Фантазия архитектора, создавшего подземный торговый центр, черпала образы из античности. Повсюду красовались изящные портики, дорические колонны, бил и журчал ионический фонтан, окруженный каменными вакханками, нимфами и дриадами. Каждый магазин, застекленный прозрачным стеклом, был посвящен своему особому божеству. В нем царил свой культ, свой обряд. Продавщицы за прилавками, молодые, прелестные, напоминали весталок, давших обет безбрачия, хранивших жертвенный священный огонь. Стоящая повсюду охрана, бритые здоровяки с мобильными рациями, были суровые стражи, чей угрюмый всевидящий взгляд пронизывал каждого, кто переступал порог храма. Редкие покупатели, имевшие достаточно денег, чтобы купить баснословно дорогие товары, проникали в глубь магазинов. Были посвященные, кому открывался путь к алтарю. Остальные, желавшие приобщиться, но не имевшие для этого денег, лишь созерцали несметные богатства, переходя от витрины к витрине.

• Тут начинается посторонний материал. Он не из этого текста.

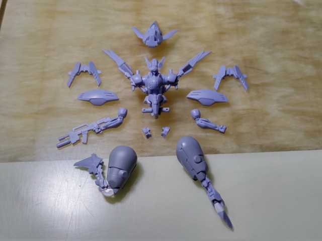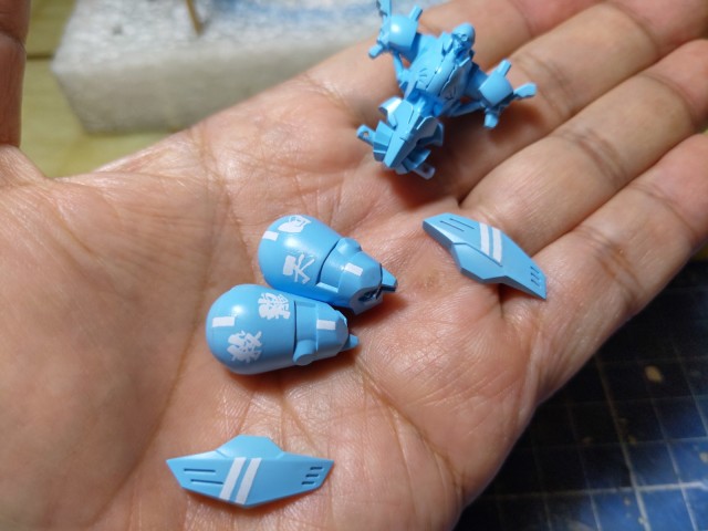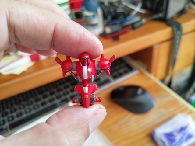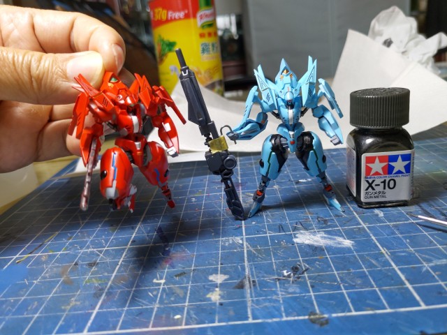今次一口氣製作了兩個機體,分別用上了紅色及藍色,一個是飛行形態,另一個是配合了 1/44 鋼彈武器的持槍形態。

Белосельцева поразила вопиющая безвкусица убранства, нарочитая архитектурная пошлость, с которой был выполнен интерьер. Малахит и мрамор, позолота и зеркальное стекло были использованы для того, чтобы родить дешевую и отвратительную подделку, которая, однако, прекрасно соответствовала тому таинственному культу, который царил в храме. Опрокинутый вниз, направленный к мрачному центру земли, являясь противоположностью небу и надземному миру, он и в архитектуре своей был противоположностью красоте, гармонии, золотому сечению, смыслу. Множество алтарей и даров свидетельствовало о многобожии, но над всеми божками чудилось присутствие невидимого верховного божества. Верховный жрец, лысый, с твердой костяной головой, ощеренный, беспощадный, собиравший оброк с Москвы, окруживший город магическим кругом, по которому днем и ночью неслась, как в кольце Сатурна, светящаяся плазма, этот жрец один имел доступ к золотому вещему богу, поселившемуся в подземелье под фундаментами кремлевских соборов.
– Давайте здесь потолкуем, Виктор Андреевич, – сказал Ивлев, останавливаясь у витрины. – Здесь они нас, голубчики, не достанут!
За высокой прозрачной витриной на черном бархате дивно сверкали бриллианты. Их россыпи были, как ночные созвездия. От них исходило магическое сияние. С каждой грани слетал тончайший лучик, проникал в кровяные тельца, прокалывал капельку крови, причиняя мучительное наслаждение. За стеклом, окруженные угодливыми продавцами, находились покупатели. Важный тучный старик в черном пальто, горбоносый, с желтым черепом, выпяченной нижней губой и темно-лиловыми, складчатыми подглазьями. И молодая прелестная женщина, белокурая, с длинной шеей, влажными, похожими на бутон губами. Женщина сняла дорогое пальто. Служитель держал его на весу. Другой благоговейно надевал на нее бриллиантовое колье, застегивал на ее голом нежном затылке. Третий преподнес ей овальное зеркало, всем своим видом выражая восхищение. Горбоносый старец тыкал в бриллианты коротким заостренным пальцем, и служители наряжали женщину, словно готовили ее в жертву плотоядному неутолимому богу.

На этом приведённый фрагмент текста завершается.